走到院子里的时候,韩建国把她叫住。她不知道什么事只好又傻傻站着。直到男人走出来呵斥呲牙狂叫的大狗,护着她走出院子,才笑着问:
“丫头,你怕狗?”
陈玲慌乱的点点头,不敢看对方,脚下一步不停急急逃走。心跳的几乎要失控。
在紧张之外心里想着的是,他真是细心体贴的人。毕竟,连父母都不知道她原来还怕狗。
“丫头,想什么呢?”温和醇厚微带沙哑的男声在她耳边响起。
陈玲回过神来,在心里道:在想你。这么腹谤着,又红了脸。看着韩建国汗水浸透头发的脸,她下意识就把一勺子冰淇淋送到对方面前:“要不要吃?”
韩建国疑惑的看他一眼,眉毛皱起没说话。
陈玲的脸彻底红了,这才想起这个木勺是自己用过的,就算不是,两个人分一盒冰淇淋也太······刚才不知道怎么了,看着对方满脸汗水,潜意识就做了这种女孩子闺蜜之间才有的亲密举动,这下丢人丢大发了。
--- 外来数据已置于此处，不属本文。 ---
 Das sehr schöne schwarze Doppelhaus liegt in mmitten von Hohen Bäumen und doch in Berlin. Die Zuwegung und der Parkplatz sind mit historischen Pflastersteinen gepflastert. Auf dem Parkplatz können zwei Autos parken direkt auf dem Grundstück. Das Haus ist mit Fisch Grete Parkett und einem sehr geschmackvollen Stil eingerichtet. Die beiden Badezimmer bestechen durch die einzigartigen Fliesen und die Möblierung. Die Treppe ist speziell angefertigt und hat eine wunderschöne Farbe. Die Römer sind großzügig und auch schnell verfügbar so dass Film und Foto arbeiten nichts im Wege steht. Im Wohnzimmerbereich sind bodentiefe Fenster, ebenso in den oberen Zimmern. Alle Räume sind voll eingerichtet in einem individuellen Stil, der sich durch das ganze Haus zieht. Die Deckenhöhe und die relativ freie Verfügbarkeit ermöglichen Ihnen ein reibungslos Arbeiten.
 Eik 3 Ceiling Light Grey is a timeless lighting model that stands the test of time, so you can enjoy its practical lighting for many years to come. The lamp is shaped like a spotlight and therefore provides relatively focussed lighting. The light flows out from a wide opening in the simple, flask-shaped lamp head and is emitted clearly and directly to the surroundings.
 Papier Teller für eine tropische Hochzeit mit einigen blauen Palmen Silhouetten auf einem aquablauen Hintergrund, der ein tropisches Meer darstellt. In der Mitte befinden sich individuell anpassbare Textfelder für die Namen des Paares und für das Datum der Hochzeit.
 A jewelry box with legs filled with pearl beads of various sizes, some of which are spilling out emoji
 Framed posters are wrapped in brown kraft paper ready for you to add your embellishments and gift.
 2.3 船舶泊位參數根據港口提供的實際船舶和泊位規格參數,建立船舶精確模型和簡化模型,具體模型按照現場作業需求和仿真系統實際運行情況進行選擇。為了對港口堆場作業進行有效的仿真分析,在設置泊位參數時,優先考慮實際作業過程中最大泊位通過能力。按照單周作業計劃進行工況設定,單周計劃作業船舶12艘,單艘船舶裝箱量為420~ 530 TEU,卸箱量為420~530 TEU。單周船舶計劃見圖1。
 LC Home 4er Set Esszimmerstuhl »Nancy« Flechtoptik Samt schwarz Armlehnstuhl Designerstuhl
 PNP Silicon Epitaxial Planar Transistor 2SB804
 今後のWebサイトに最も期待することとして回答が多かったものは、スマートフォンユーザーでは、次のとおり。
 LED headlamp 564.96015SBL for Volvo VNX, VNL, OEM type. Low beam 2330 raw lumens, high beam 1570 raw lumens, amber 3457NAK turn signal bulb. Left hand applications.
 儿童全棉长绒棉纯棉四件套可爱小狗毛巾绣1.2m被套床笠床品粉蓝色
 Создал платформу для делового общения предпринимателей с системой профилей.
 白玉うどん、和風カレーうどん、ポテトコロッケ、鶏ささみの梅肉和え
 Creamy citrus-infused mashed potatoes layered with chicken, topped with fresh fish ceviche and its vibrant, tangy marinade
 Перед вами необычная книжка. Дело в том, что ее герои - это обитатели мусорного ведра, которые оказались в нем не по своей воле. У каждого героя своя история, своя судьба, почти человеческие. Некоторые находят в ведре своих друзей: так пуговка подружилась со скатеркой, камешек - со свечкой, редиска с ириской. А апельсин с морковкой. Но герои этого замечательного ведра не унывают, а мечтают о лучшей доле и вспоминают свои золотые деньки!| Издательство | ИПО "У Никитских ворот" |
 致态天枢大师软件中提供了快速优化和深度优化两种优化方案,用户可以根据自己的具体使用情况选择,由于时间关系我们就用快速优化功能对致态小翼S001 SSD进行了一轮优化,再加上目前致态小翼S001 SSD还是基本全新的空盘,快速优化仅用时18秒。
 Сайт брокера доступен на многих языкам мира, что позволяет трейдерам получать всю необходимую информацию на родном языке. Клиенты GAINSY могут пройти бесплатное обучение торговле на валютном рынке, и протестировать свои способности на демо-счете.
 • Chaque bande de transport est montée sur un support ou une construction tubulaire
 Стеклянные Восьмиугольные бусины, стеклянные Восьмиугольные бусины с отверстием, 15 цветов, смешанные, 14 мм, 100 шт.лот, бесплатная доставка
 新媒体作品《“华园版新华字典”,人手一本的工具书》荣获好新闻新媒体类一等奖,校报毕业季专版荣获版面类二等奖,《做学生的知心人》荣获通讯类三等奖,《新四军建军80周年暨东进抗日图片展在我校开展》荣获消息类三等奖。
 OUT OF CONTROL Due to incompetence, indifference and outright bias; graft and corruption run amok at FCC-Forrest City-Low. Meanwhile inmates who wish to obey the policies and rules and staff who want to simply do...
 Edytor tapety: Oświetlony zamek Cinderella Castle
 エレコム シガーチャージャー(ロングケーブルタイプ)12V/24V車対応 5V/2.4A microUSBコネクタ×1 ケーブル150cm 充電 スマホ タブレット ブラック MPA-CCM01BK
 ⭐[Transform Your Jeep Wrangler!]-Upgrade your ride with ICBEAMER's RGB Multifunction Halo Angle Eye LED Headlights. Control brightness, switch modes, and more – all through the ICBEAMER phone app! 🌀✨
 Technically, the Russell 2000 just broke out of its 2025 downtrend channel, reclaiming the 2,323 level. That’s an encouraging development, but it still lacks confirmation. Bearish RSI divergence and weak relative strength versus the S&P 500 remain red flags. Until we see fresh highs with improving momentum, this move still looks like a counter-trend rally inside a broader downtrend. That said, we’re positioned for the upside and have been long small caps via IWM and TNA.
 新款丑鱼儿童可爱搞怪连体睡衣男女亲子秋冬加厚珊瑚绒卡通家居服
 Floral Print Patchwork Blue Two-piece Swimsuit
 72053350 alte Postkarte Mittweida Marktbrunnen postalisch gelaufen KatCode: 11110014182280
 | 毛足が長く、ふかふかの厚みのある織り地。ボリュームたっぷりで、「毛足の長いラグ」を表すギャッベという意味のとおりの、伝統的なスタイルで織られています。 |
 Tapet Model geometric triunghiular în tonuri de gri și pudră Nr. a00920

她支支吾吾收回勺子,也不好意思再放到自己嘴里,就一直拿着盒子,默默反省自己奇怪的举动。
好在几秒钟之后,货车停了下来,到家门口了。
这会儿弟弟在家,因为她隔着院子都能听到游戏机的音效声。她喊了一声陈星,弟弟应声跑出来,看到她不耐烦的的帮她把东西提起走进去。她也连忙帮着搬。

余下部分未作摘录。